Within three years, Wagers hopes to conduct human trials in which her team monitors levels of the protein in the elderly to see if they correlate with diseases of old age. Within five years, she hopes to study if she can help reverse the damage of ageing with GDF 11, a molecule like GDF 11, or one that persuades the body to make more of this factor.
Another Stanford team, led by Tony Wyss-Coray, reported with Saul Villeda and Thomas Rando in 2011 that more new nerve cells were made in key regions in the brains of old mice exposed to blood from young mice, while introducing young mice to blood from old mice had the reverse effect. In follow up work, they used sophisticated techniques to pin down changes in the brains of old mice bathed in young blood, notably to a key structure linked with memory, called the hippocampus. These changes were seen to convert into changes in ability: they trained mice to locate a submerged platform in a water-filled container by remembering cues provided by their surroundings. Typically, untreated older mice did poorly compared to young mice. But if they were infused with young mice's plasma they did much better, “as if these old brains were recharged,” Wyss-Coray says.

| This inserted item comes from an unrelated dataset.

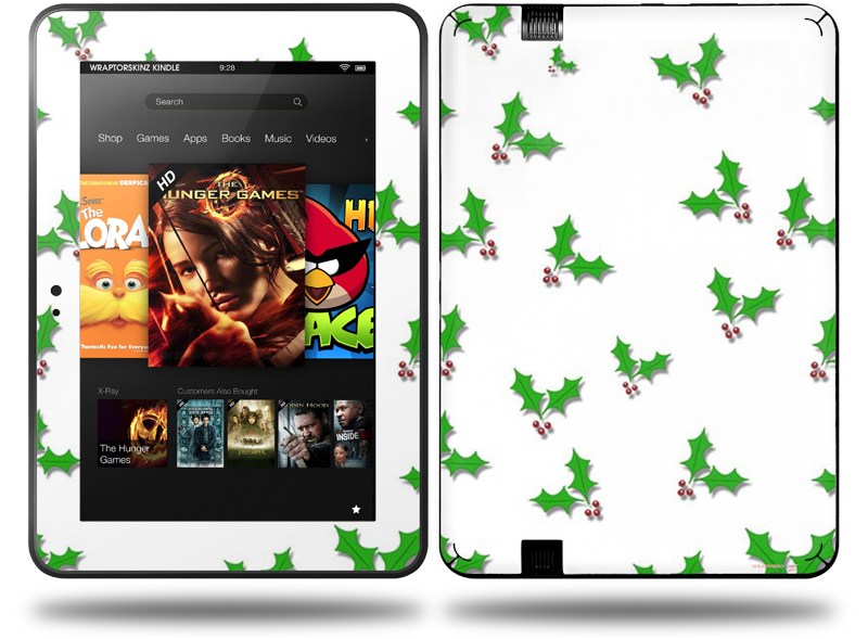 Christmas Holly Leaves on White Decal Style Skin fits Amazon Kindle Fire HD 8.9 inch
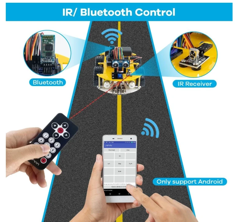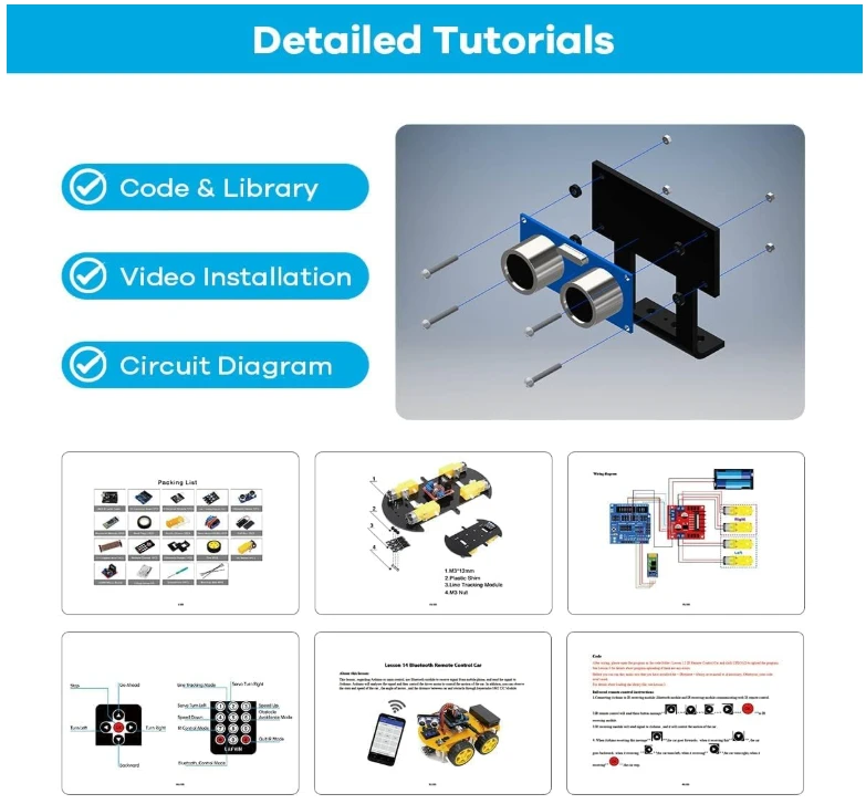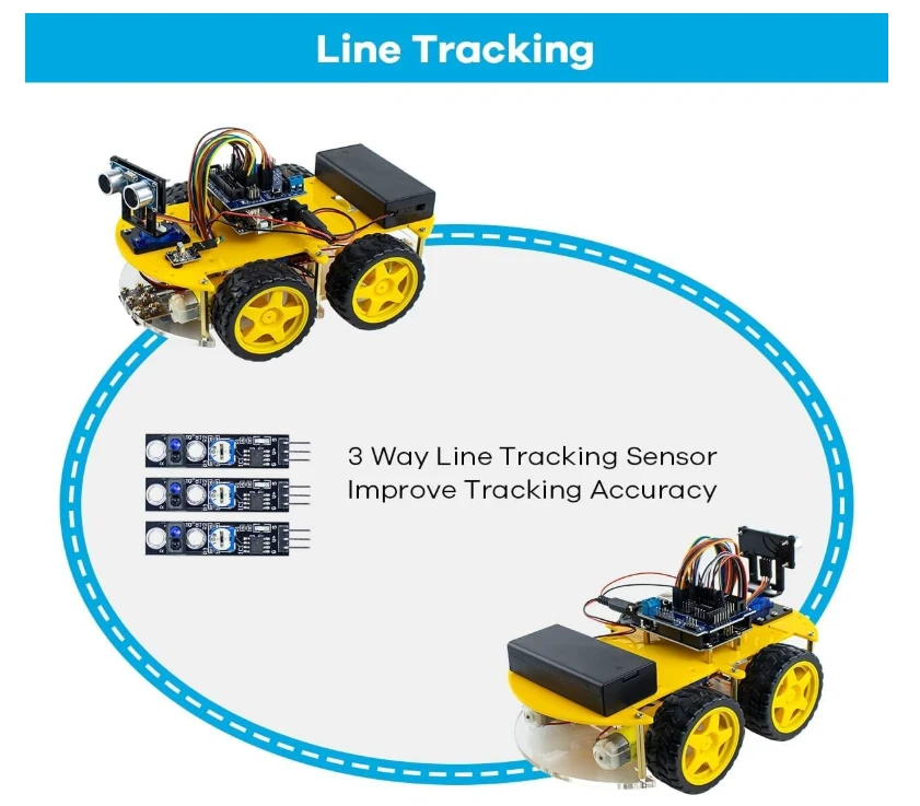 components Included:UNO R3 board, ultrasonic sensor, line tracker, motors, chassis,Wheels,Wire;

He has co-founded a biotechnology company, Alkahest, to explore treatments. Next month, his team at Stanford will give a transfusion of blood plasma donated by people under 30 to older volunteers with moderate to mild Alzheimer’s. Transfusions of old blood have been performed countless times before but this time they will, with Rando acting as advisor, compare cognitive function before and after the transfusion of blood from a donor of known age.
As the long history of the elixir quest illustrates, it is best to be cautious. There are vast numbers of ingredients in blood so it seems doubtful that GDF11, Actin A and macrophages alone hold the secret of youth.
There are also theoretical risks to explore, for example concerns that these factors could make it easier for cancers to become established. Still, many are sanguine that we may be approaching a future where a cocktail inspired by young blood could at least improve the quality of life of the elderly, even if it does not deliver the immortal promise of that long-sought elixir.